O presidente da Câmara Municipal de São Luís, vereador Paulo Victor (PSB), afirmou nesta quarta-feira (3), em entrevista à rádio Mirante, que a Procuradoria da Casa vai recorrer da decisão do Tribunal de Justiça do Maranhão que suspendeu os efeitos da lei que restringia o acesso de mulheres trans a banheiros femininos em órgãos públicos e instituições privadas da capital.
A decisão foi tomada pelo Órgão Especial do TJMA, em caráter liminar, no julgamento de uma Ação Direta de Inconstitucionalidade apresentada pela Defensoria Pública do Estado do Maranhão.
Segundo Paulo Victor, cabe ao Legislativo defender judicialmente uma norma aprovada pela maioria dos vereadores.
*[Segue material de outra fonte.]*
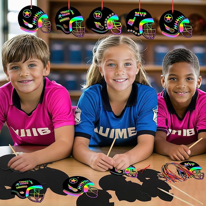 JULMELON 36 PCS Football Crafts for Kids, Rainbow Scratch Paper Art for Kids Football Party Favors Helmet Scratch Off Cards for Birthday Party Supplies School Activities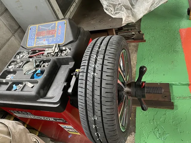 走行中にハンドルが振れない様に、ホイールバランスの調整もさせていただきました。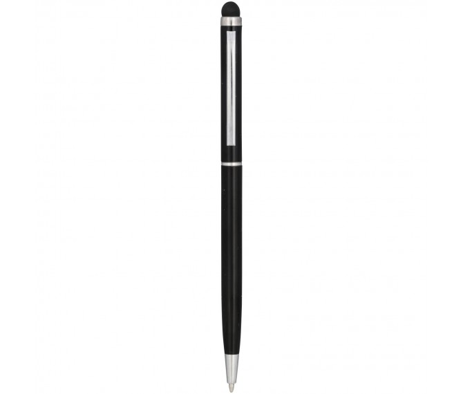 Slank vormgegeven balpen van aluminiumglazuur. Met draaimechanisme en stylus.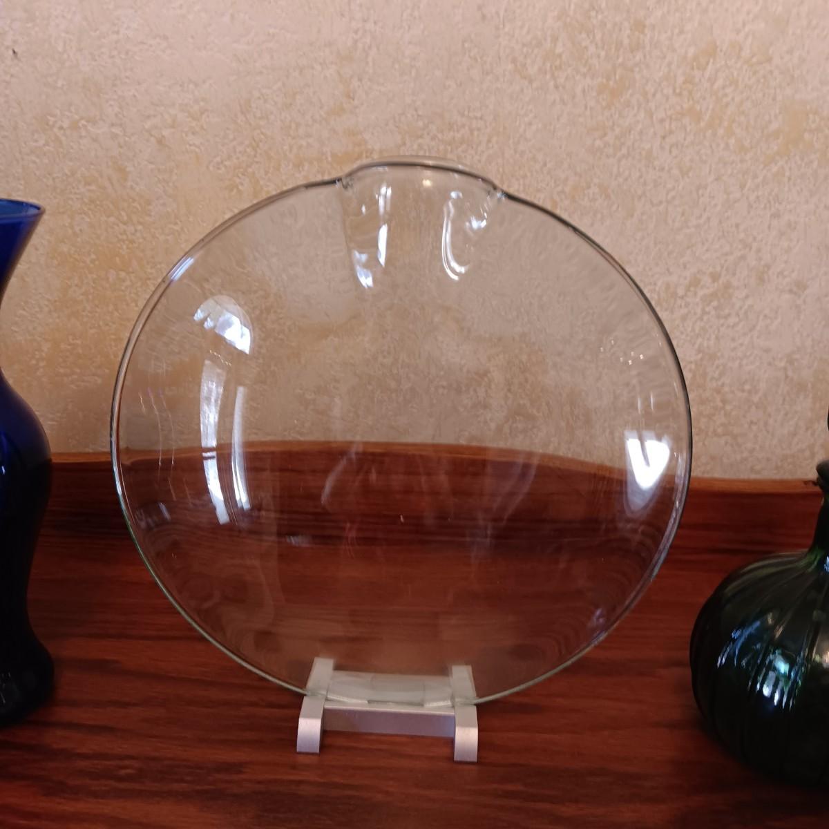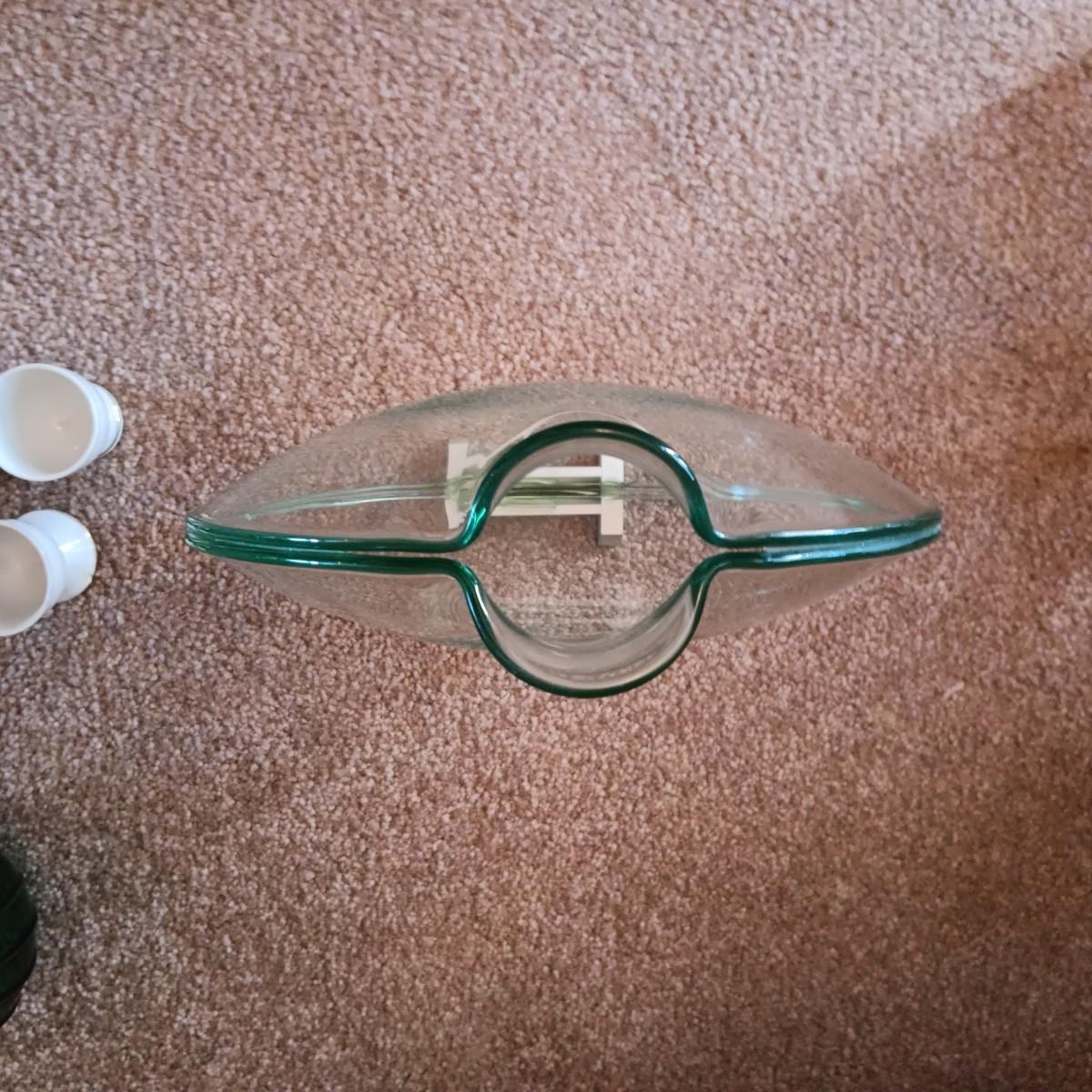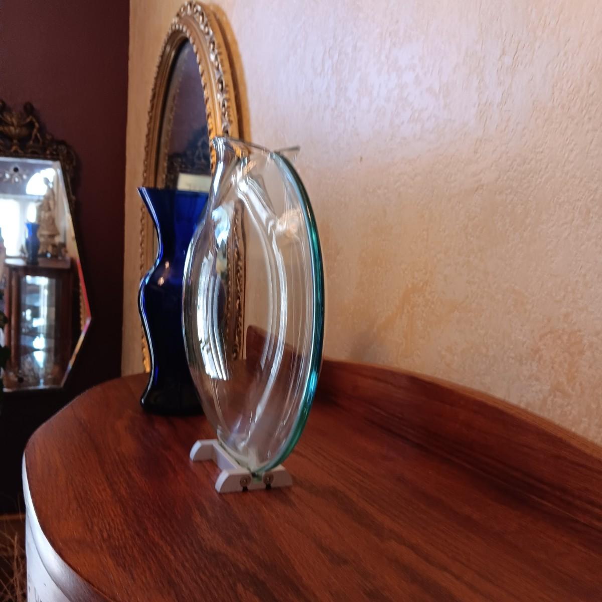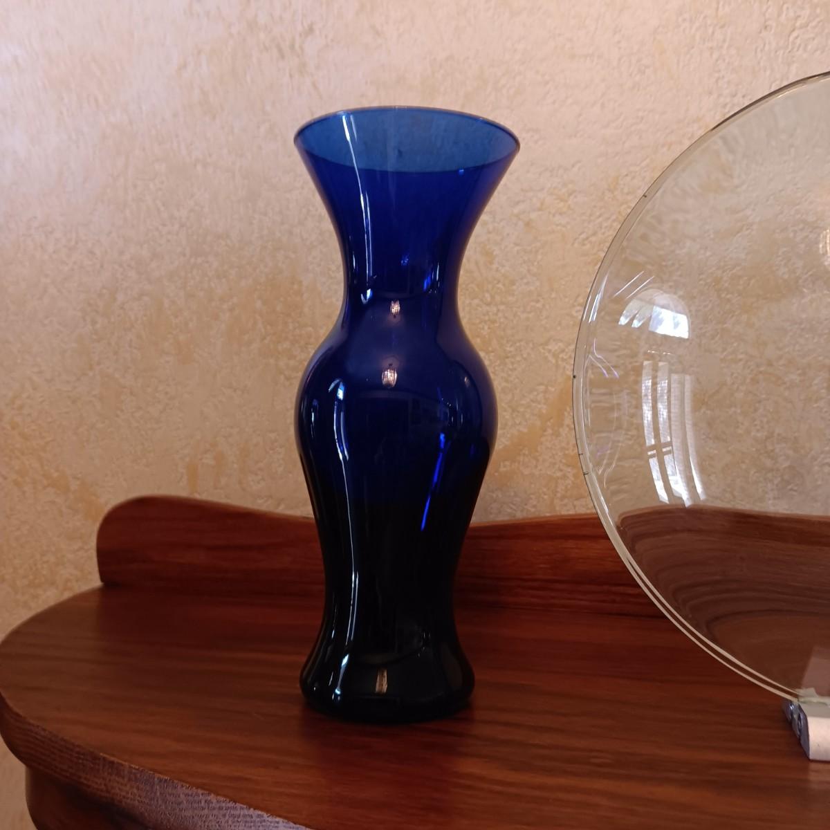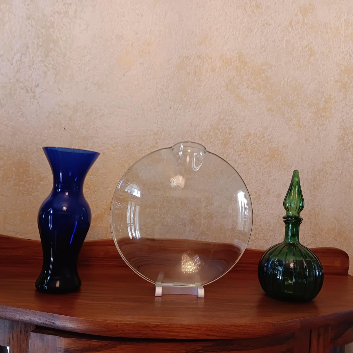 ROUND CLEAR ART GLASS VASE, BLUE GLASS VASE AND DECANTER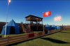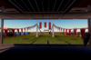 - Spectator area Large enclosed arena, with blue and red team on opposite sides.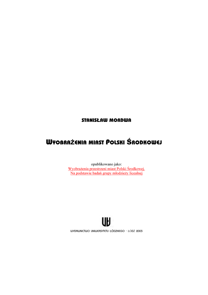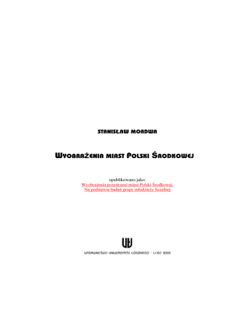 STANISŁAW MORDWA WYOBRAŻENIA MIAST POLSKI ŚRODKOWEJ opublikowano jako: Wyobrażenia przestrzeni miast Polski Środkowej. Na podstawie badań grupy młodzieży licealnej WYDAWNICTWO UNIWERSYTETU ŁÓDZKIEGO · ŁÓDŹ 2003 1 REDAKCJA NAUKOWO-DYDAKTYCZNA „FOLIA GEOGRAPHICA SOCIO-OECONOMICA” RECENZENT Krystian Heffner OKŁADKĘ PROJEKTOWAŁ Stanisław Mordwa (wykorzystano szkic Łodzi wykonany przez ucznia Technikum Drogowo-Geodezyjnego w 1990 roku) Wydrukowano z dostarczonych przez Autora gotowych materiałów © Copyright by Wydawnictwo Uniwersytetu Łódzkiego, Łódź 2003 Wydawnictwo Uniwersytetu Łódzkiego 2003 Wydanie I. Nakład 100 + 40 egz. Ark. druk. 11,125. Papier kl. III, 80 g, 70 × 100 Przyjęto do Wydawnictwa UŁ 20.12.2002 r. Zam. 85/3535/2003. Cena zł 18,Drukarnia Uniwersytetu Łódzkiego 90- 236 Łódź, ul. Pomorska 143 ISBN 83-7171-674-5 2 OD AUTORA Prezentowana monografia Wyobrażenia przestrzeni miast Polski Środkowej. Na podstawie badań grupy młodzieży licealnej jest skróconą i poprawioną wersją rozprawy doktorskiej, obronionej na Wydziale Biologii i Nauk o Ziemi Uniwersytetu Łódzkiego w maju 2000 roku. Promotorem pracy był prof. nadzw. dr hab. Jerzy Dzieciuchowicz, a recenzentami byli prof. dr hab. Stanisław Liszewski z Uniwersytetu Łódzkiego i prof. dr hab. Grzegorz Węcławowicz z Polskiej Akademii Nauk. Przygotowując pracę do druku starałem się przede wszystkim uwzględniać uwagi zgłoszone przez Recenzentów, a także wyniki dyskusji, jaka miała miejsce podczas publicznej obrony pracy doktorskiej. Skorzystałem także z cennych wskazówek Promotora. Wszystkim tym osobom serdecznie dziękuję za wyrażone opinie. Książkę dedykuję Agnieszce, oczywiście… Stanisław Mordwa 3 4 SPIS TREŚCI 1. Wprowadzenie............................................................................................................ 7 1.1. Przedmiot i cele badań ...................................................................................... 14 1.2. Zagadnienia terminologiczne ............................................................................ 17 1.3. Źródła i metody badań ....................................................................................... 25 2. Ogólna charakterystyka respondentów..................................................................... 31 2.1. Cechy społeczne i demograficzne ..................................................................... 31 2.2. Przywiązanie mieszkańców do miasta .............................................................. 34 3. Opisowy aspekt wyobrażenia przestrzeni miast ....................................................... 42 3.1. Zawartość odręcznych szkiców ......................................................................... 42 3.1.1. Orientacja ................................................................................................... 44 3.1.2. Skala i zasięg przestrzenny ......................................................................... 46 3.1.3. Elementy wyobrażeń .................................................................................. 47 3.1.4. Rozmieszczenie przestrzenne elementów .................................................. 52 3.2. Klasyfikacja struktury map wyobrażeniowych ................................................. 60 3.3. Styl szkiców ...................................................................................................... 69 3.4. Czynniki kształtujące opisowy aspekt wyobrażenia przestrzeni miast............. 71 4. Wartościujący i symboliczny aspekt wyobrażeń przestrzeni miast .......................... 76 4.1. Świadomościowy podział przestrzeni miast ...................................................... 79 4.2. Waloryzacja miejsc w miastach Polski Środkowej ........................................... 85 4.2.1. Czy miejsca w różnych miastach są podobnie wartościowane? ................. 95 4.3. Preferencje mieszkaniowe ................................................................................. 97 4.3.1. Mapy preferencji mieszkaniowych miast Polski Środkowej ...................... 98 4.3.2. Charakterystyki miejsc wpływające na preferencje mieszkaniowe .......... 107 4.4. Symboliczny wizerunek miast ......................................................................... 110 4.5. Czynniki kształtujące wartościujący i symboliczny aspekt wyobrażeń.......... 121 4.6. Model wyobrażeniowy miast Polski Środkowej ............................................. 125 5. Wyobrażenie Łodzi ................................................................................................ 130 5.1. Dystans poznawczy ......................................................................................... 130 5.2. Synonimy i symbole Łodzi.............................................................................. 138 5.3. Waloryzacja Łodzi .......................................................................................... 146 5.4. Łódź wśród innych miast Polski...................................................................... 148 5.5. Czynniki kształtujące wyobrażenie Łodzi ....................................................... 159 6. Podsumowanie ....................................................................................................... 162 Literatura .................................................................................................................... 165 Spis tabel .................................................................................................................... 175 Spis rysunków ............................................................................................................ 176 5 6 1. WPROWADZENIE Wiedza jaką ludzie posiadają, w tym wiedza o charakterze przestrzennym, nie jest ani perfekcyjna, ani obiektywna. Takie, wydawałoby się oczywiste, stwierdzenie stosunkowo niedawno dało impuls do

“Vale à Procuradoria da Casa resguardar os direitos e interesses da população, sobretudo o que foi aprovado. Se foi aprovado, é porque a gente acredita na constitucionalidade. Ainda que de fato seja uma questão muito delicada, muito técnica e que envolve o ser humano, tudo que envolve o ser humano tem que ser muita tranquilidade na decisão”, afirmou.
O presidente da Câmara disse que a Procuradoria deverá atuar para tentar reverter a liminar concedida pelo Tribunal de Justiça.
“A Procuradoria da Casa irá recorrer, porque a gente não pode reaver o que já foi aprovado. Foi aprovado pela sua maioria. A maioria dos pares ali aprovaram esta matéria e cabe ao presidente da Câmara que a Procuradoria recorra”, declarou.
Paulo Victor também afirmou que a votação refletiu o entendimento da maioria dos parlamentares da Casa.
“É uma casa legislativa. Não se tem como privar a cabeça de um parlamento que foi colocado ali pelo povo. Então é livre e espontâneo, desde que seja técnico e constitucional, que a gente analise, paute e aprove”, disse.
A lei havia sido promulgada pela Câmara após a derrubada do veto ao projeto de autoria do vereador Marquinhos (União Brasil). A norma foi questionada pela Defensoria Pública, que apontou violação a princípios constitucionais como dignidade da pessoa humana, igualdade e não discriminação.
Com a liminar, a aplicação da lei fica suspensa até o julgamento definitivo da ação pelo Tribunal de Justiça do Maranhão.